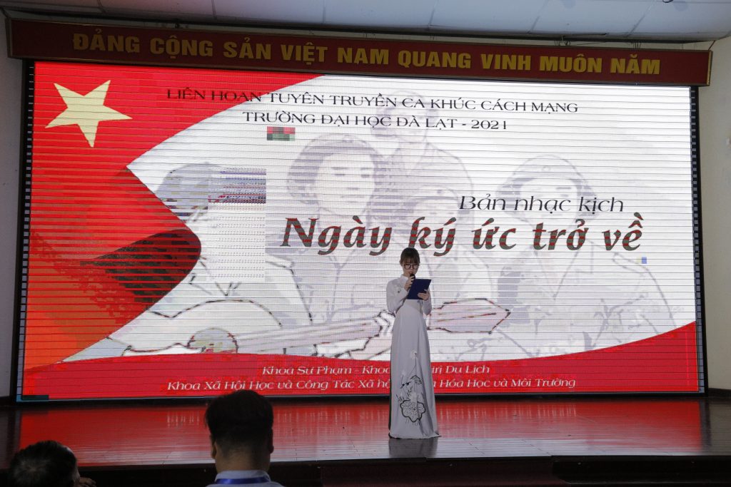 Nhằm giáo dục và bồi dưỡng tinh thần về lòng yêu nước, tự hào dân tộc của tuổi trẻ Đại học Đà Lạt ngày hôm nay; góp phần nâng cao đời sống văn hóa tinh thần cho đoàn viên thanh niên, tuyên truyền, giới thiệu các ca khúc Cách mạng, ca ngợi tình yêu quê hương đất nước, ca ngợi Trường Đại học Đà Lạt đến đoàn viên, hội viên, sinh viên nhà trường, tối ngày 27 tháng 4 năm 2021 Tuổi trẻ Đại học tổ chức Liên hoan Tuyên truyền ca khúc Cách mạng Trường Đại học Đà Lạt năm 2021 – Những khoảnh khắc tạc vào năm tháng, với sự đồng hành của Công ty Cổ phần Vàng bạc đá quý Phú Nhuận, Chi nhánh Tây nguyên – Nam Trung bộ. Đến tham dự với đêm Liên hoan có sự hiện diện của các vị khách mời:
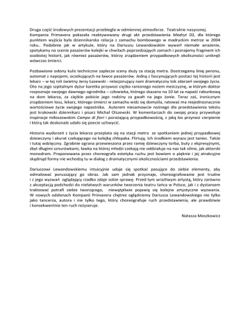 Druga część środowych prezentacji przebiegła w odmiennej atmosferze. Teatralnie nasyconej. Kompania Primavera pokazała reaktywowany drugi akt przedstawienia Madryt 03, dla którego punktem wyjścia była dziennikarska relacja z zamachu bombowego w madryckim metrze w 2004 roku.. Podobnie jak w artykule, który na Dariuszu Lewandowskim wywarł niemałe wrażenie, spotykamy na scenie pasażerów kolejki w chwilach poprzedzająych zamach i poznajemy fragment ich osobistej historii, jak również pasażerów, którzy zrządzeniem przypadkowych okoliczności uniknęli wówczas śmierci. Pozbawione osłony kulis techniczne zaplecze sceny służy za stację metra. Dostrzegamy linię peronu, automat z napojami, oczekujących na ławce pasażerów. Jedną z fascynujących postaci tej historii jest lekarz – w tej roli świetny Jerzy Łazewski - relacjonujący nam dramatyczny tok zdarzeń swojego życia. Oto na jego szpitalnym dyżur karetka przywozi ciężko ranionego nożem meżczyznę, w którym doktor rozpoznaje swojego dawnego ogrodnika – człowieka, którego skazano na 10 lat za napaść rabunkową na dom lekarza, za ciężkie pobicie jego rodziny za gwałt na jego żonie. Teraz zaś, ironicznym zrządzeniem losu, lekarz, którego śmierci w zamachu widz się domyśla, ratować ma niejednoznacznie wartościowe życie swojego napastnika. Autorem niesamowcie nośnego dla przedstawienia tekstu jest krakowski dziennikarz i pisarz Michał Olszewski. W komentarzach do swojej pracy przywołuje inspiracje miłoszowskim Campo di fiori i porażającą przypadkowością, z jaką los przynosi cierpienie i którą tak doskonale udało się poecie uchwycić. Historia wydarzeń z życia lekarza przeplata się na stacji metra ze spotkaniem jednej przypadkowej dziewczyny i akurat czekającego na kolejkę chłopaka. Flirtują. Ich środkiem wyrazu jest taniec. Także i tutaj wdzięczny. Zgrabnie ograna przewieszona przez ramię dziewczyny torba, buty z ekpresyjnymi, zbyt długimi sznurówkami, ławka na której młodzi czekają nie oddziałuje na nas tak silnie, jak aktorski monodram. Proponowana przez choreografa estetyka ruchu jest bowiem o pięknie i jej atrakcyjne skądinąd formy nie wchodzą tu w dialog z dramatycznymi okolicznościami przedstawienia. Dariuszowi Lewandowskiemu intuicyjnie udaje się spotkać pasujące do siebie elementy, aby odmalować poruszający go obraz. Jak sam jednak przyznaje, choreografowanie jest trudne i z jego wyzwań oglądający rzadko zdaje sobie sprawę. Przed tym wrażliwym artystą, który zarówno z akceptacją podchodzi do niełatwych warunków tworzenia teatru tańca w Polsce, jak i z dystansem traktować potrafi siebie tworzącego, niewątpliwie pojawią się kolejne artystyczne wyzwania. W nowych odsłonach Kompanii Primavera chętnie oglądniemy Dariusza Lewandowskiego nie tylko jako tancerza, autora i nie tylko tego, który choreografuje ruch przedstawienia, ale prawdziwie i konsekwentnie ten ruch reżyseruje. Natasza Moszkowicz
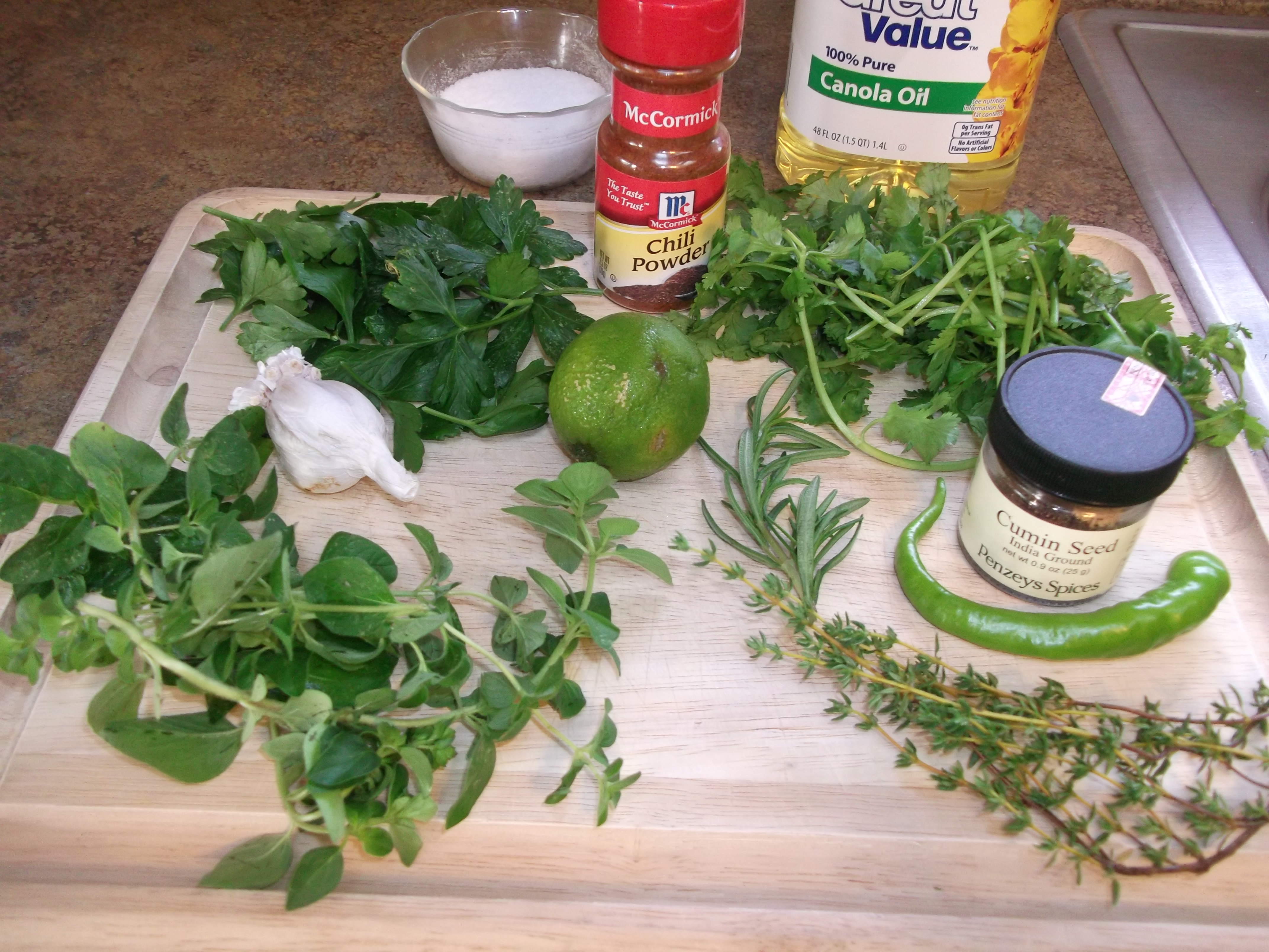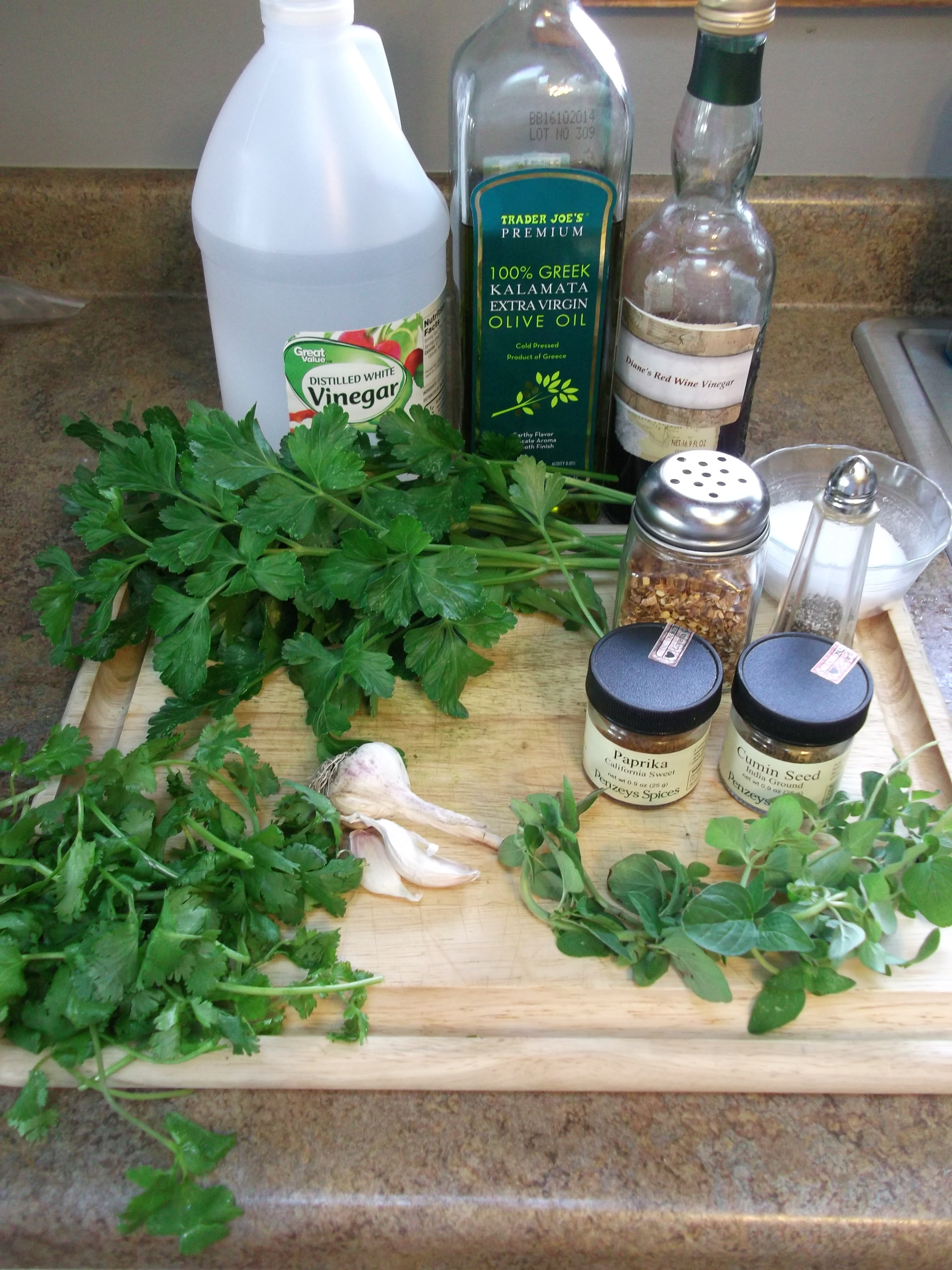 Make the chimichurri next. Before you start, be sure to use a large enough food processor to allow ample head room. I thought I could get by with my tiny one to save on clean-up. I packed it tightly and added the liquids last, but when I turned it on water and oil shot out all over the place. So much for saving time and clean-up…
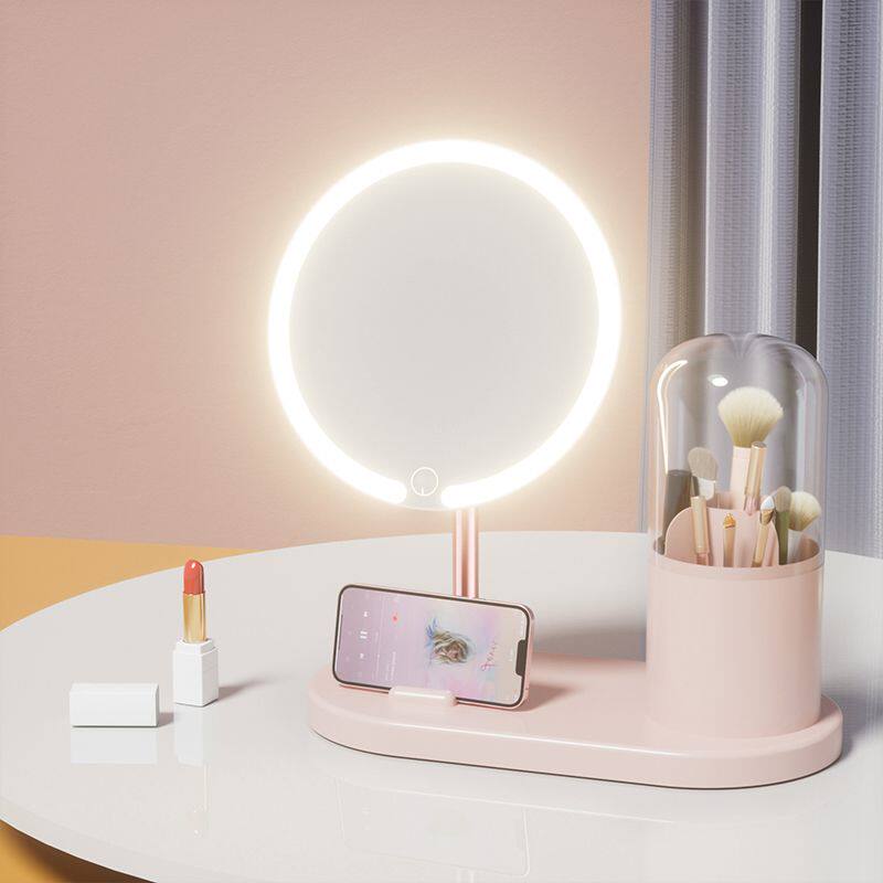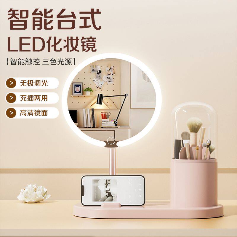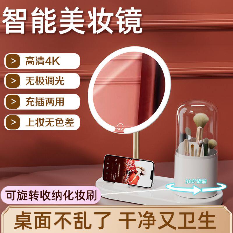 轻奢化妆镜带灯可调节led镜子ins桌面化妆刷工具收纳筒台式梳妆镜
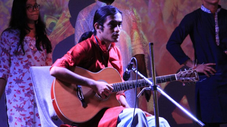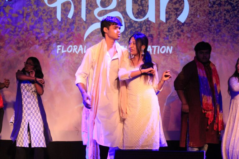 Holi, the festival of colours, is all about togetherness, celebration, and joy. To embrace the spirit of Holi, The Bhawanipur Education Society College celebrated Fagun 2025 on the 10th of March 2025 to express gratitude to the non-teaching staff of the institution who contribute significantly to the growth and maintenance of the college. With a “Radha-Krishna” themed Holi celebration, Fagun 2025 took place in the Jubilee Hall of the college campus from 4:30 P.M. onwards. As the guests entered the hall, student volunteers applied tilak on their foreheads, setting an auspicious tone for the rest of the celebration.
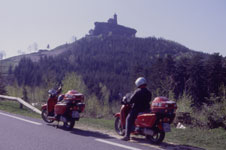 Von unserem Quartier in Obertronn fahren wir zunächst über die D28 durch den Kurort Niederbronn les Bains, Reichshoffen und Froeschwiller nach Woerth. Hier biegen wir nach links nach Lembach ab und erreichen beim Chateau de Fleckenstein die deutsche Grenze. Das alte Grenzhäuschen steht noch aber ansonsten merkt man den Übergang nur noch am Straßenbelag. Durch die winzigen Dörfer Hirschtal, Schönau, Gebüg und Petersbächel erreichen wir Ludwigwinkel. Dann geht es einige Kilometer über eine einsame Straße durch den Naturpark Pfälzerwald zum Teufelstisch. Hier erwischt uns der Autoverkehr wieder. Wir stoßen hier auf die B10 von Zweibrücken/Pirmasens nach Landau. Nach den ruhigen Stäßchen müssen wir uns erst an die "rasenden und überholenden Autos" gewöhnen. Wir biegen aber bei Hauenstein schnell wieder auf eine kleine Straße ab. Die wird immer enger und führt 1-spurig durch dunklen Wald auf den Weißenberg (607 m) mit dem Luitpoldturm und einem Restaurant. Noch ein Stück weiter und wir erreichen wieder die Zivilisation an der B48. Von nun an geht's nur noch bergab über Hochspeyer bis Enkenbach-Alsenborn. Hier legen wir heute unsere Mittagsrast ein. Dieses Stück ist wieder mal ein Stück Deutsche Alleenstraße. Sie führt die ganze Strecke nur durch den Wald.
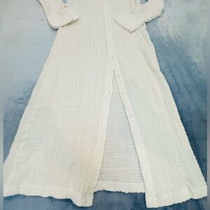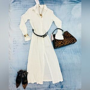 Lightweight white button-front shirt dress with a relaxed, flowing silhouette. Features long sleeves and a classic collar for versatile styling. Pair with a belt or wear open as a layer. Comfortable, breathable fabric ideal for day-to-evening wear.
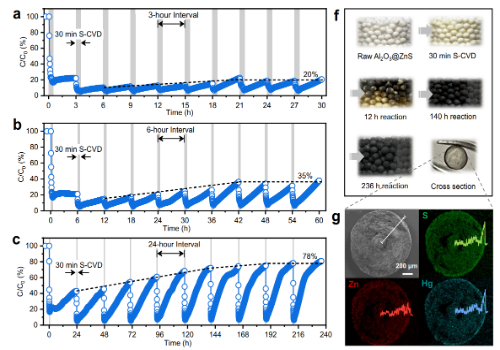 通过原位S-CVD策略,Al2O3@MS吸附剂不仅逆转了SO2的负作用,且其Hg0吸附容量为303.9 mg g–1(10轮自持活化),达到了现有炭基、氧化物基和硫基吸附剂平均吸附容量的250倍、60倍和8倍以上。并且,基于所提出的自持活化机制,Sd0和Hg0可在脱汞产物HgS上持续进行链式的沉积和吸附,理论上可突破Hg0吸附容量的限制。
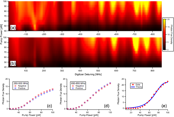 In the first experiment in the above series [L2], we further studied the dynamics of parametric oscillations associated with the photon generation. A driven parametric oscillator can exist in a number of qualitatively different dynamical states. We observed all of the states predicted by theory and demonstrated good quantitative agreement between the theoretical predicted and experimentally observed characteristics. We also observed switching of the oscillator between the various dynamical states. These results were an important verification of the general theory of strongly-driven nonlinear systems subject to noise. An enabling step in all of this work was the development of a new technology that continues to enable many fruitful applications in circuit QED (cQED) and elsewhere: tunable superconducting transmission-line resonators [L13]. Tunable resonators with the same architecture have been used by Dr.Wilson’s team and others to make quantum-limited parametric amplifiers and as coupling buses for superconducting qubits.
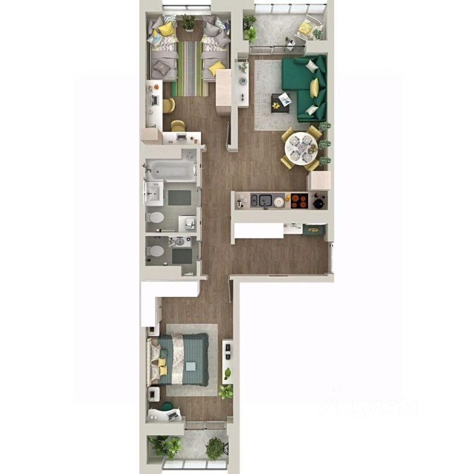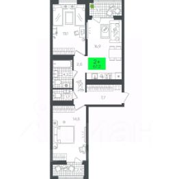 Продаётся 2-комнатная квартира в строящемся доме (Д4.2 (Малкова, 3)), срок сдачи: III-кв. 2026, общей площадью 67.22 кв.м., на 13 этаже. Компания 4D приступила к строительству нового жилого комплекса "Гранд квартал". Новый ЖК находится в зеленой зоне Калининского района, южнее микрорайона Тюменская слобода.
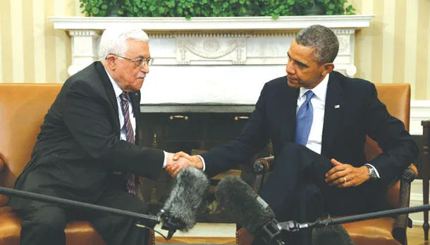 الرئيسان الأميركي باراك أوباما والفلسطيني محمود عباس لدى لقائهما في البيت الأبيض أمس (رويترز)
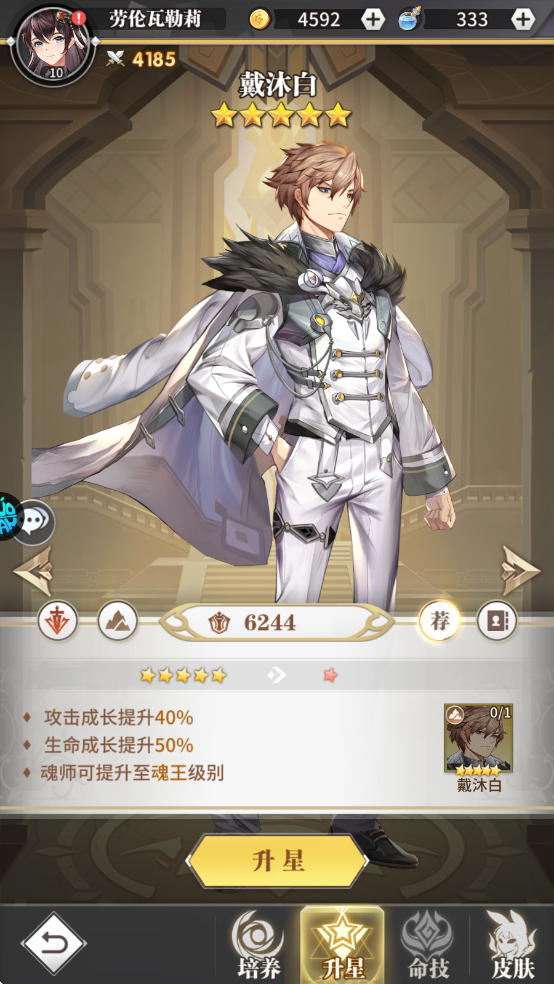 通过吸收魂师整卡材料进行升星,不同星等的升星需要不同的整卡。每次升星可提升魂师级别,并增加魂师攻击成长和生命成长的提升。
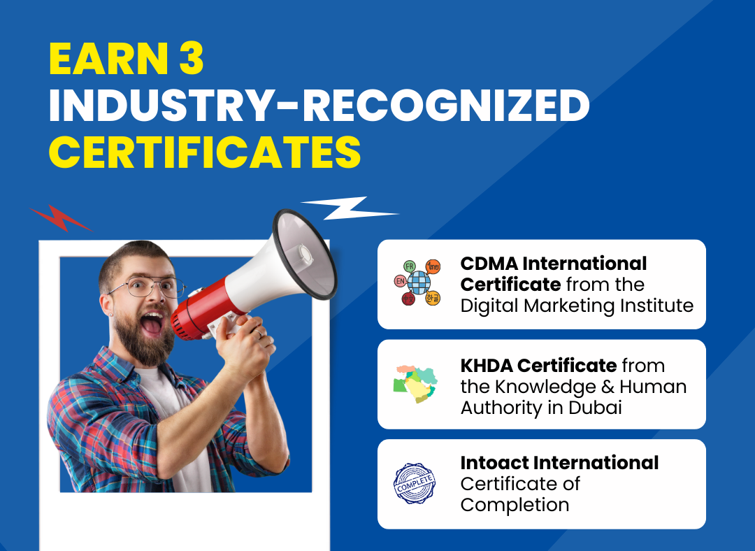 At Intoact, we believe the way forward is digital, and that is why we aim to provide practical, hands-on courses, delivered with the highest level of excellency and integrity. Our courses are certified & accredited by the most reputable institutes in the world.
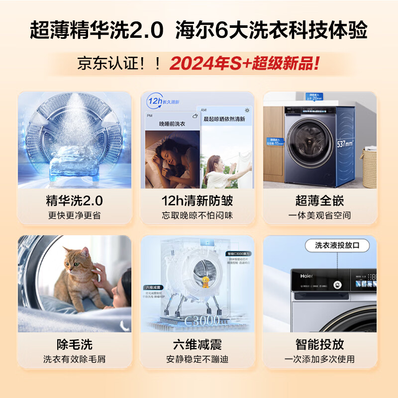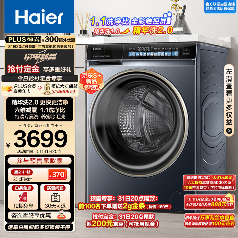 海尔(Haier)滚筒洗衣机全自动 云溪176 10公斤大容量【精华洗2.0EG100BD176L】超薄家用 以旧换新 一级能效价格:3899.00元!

* * *

▶ [Work request]:
Produce an exact reproduction of the listing above, limited to the lines starting at the line with "الرئيسان الأميركي باراك" and ending at the line with "通过吸收魂师整卡材料进行升星", both kept, with every picture left out.

▶ [Solution]:
 الرئيسان الأميركي باراك أوباما والفلسطيني محمود عباس لدى لقائهما في البيت الأبيض أمس (رويترز)
 通过吸收魂师整卡材料进行升星,不同星等的升星需要不同的整卡。每次升星可提升魂师级别,并增加魂师攻击成长和生命成长的提升。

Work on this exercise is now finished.